Флорькина я потерял из виду еще на проспекте, однако не было повода сомневаться, что я верно угадал цель чрезмерно заспешившего беглеца и непременно настигну его в музее. Теперь я удовлетворенно потирал руки в этом храме муз и ждал чрезвычайных событий и необыкновенных явлений. Между тем тихая и полутемная пустота все же тревожила, в ней не угадывалось ничего идеального, горнего, способствующего становлению человеческого духа и расцвету искусств, она жила своей таинственной жизнью и ее внешняя бессобытийность умело угнетала, навевая смутные подозрения и нездоровые страхи. Я постепенно подпадал под ее влияние. Как жить?
– задавался я вопросом, блуждая по не слишком вместительному вестибюлю с опущенным долу взглядом и скрещенными на груди руками. Закрадывались странные мысли. Мерзлов еще только пишет свои великие картины, а эксплуатирующий его благодетель Припечкин, действующий по своей железной логике освоения и потребления мира, замышляет новые акты постижения и скоро будет выброшен в окно. Посреди зала на втором этаже красуется в стеклянном колпаке пернатый шлем. Воспрянувший духом, прекрасно мобилизовавшийся Флорькин с выдающимся самообладанием и нечеловеческой методичностью приканчивает в темном закутке администрацию, издающую слабые, уже фактически посмертные стоны. Стайкой всполошенных кур мечутся старухи, возглашая, что им не выжить без этих новых молодых энергичных людей, сумевших обновить загнивавшее музейное дело. Внезапно обернувшись, я увидел бесшумно приближающегося охранника. Вопрос о том, как жить, был тонок, и поставил я его тонко, в чрезвычайно подходящей для того обстановке, и это, вкупе с испугом - грозен был бородач и скверно как-то подступал, привело к тому, что и сам я словно истончился; взметнувшись змеем, я прокричал:
– А, добрый человек!..
– Мой голос ударился вдруг в какие-то бабьи рулады: - Мы говорили, припоминаете?
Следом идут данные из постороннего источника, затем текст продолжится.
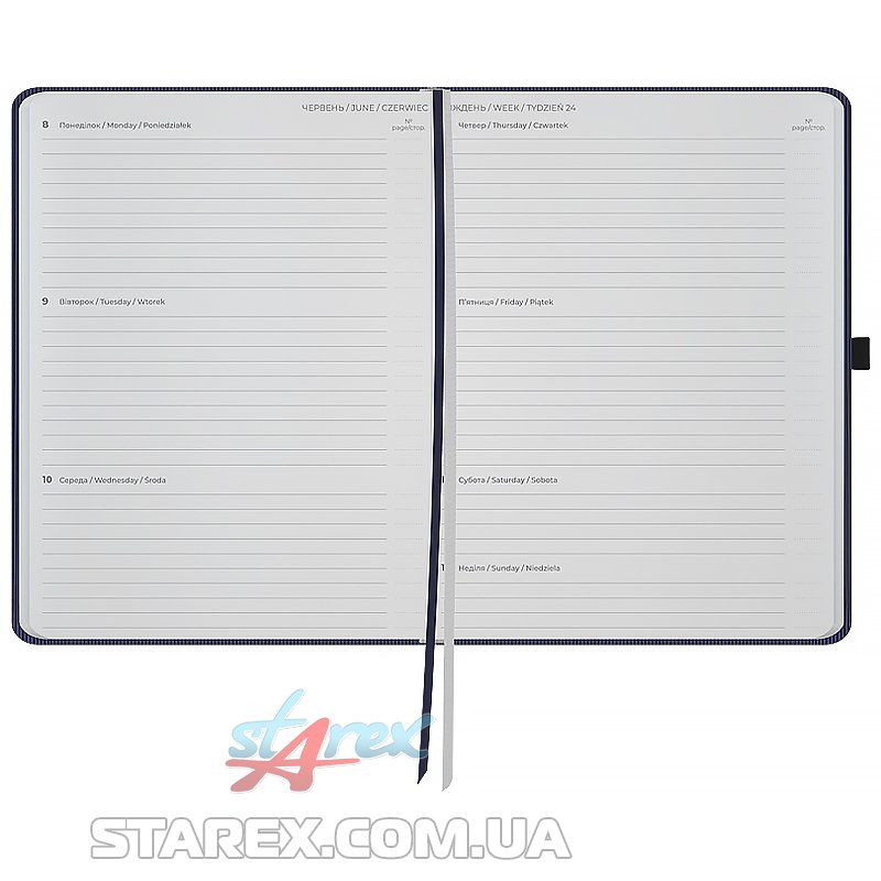 - Щотижневик поділений на 2 частини – датований блок у лінію для зручного планування справ і додаткові сторінки у клітинку для ведення особистих записів

Я пришел, воспользовался вашим советом... Как поживаете? Как оно, с Надюшкой-то?
– Если есть боги, - беседовал, едва заметно шевеля губами, охранник, - есть и цепи, их связывающие, сковывающие. Они охраняются. Ба, ба... Все под контролем. Они предохраняются, чтобы не натворить ничего лишнего. Если есть цепи и если перед нами настоящие боги, не поддельные, не махровые, то среди тех цепей есть и такие, которые им, богам, ничего не стоит разорвать, чтобы всегда быть свободными, творящими и фантазирующими даже в своем вечном плену.
– Так, так, но... Не равняйте себя с богами, - возразил я.
– А они есть, и я вправе упиваться верой, как древний грек, как Гесиод?
– Бородач на ходу задумался, и на его смутно белеющее в полумраке лицо легла печаль.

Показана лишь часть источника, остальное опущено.